Secondo alcune proiezioni, in attesa di una ufficiale certificazione del dato, al mese di settembre sarebbero già 1134 i morti complessivi, confermando un trend che vede per il nostro Paese circa mille persone morte sul lavoro ogni anno.
Quella delle “morti bianche” – infelice espressione utilizzata per riferirsi a quei decessi dovuti ad incidenti avvenuti durante e per causa del lavoro svolto – è una piaga che, nonostante il corposo apparato normativo a tutela della Sicurezza sul lavoro e della sempre maggiore sensibilità da parte delle aziende e dei lavoratori – continua a diffondersi presso il nostro tessuto economico e sociale.
Le principali cause dei decessi e degli infortuni sono rappresentate in primis dalle inadeguatezze strutturali degli edifici in cui i lavoratori si trovano ad operare, nonché dall’insufficienza, se non in alcuni casi assenza, delle misure di prevenzione.
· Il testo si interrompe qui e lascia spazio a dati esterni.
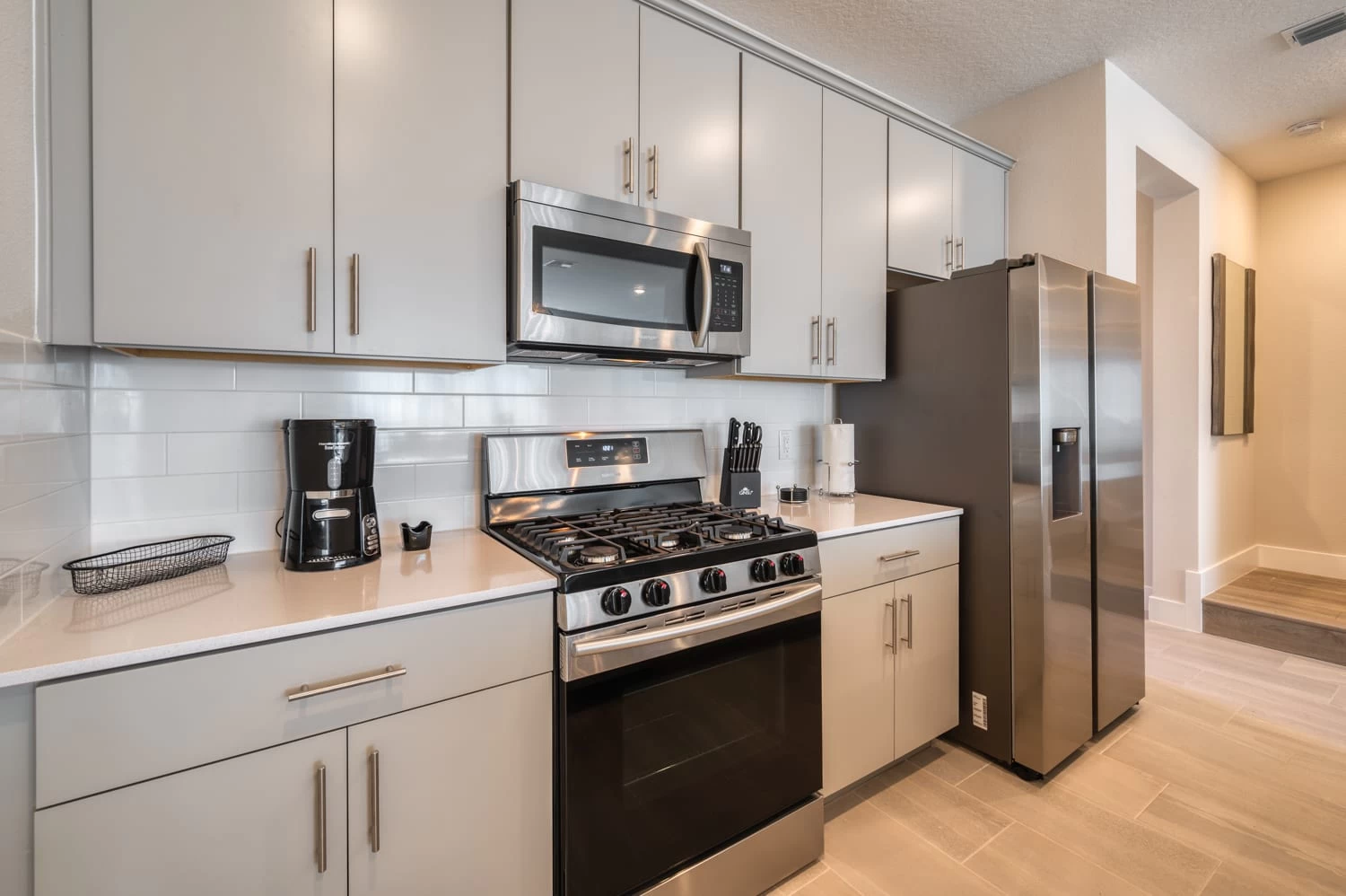 Los townhomes de Spectrum+ cuentan con un garaje privado y un plano abierto que fluye ingeniosamente a través de las áreas de estar, combinando magistralmente la privacidad en el dormitorio con espacios de flujo libre que destacan un ambiente moderno y luminoso. Las características de diseño y los acabados de lujo completan las residencias con la calidad que se espera en las casas de precio mucho más alto.

Ancora troppo spesso si registra nella nostra realtà industriale la presenza di aziende per le quali la sicurezza non è una priorità imprescindibile e inderogabile, in nome della quale procedere a seri e strutturati investimenti nell’adeguamento delle strutture e dei processi, nonché nella formazione dei lavoratori stessi.
Non dimentichiamo che è proprio il D.Lgs n.81/2008, il Testo Unico in materia di salute e sicurezza sui luoghi di lavoro, a sancire l’obbligo formativo, che si traduce per i lavoratori nella partecipazione a programmi di formazione e di addestramento organizzati e messi a disposizione dal datore.
Per ridurre fino al punto da contrastare il fenomeno delle morti sul lavoro, occorre rendere i luoghi e i processi di lavoro, a prescindere dal settore di appartenenza, contesti nei quali esprimere la creatività e il contributo di ciascuno, pretendendo da quest’ultimi la stessa “vivibilità” che legittimamente ci augureremmo per le nostre case e le nostre famiglie.
Fare insomma dell’impresa uno strumento di innovazione e di benessere, e non una gabbia nelle quale l’unico orizzonte sembra essere quello del profitto.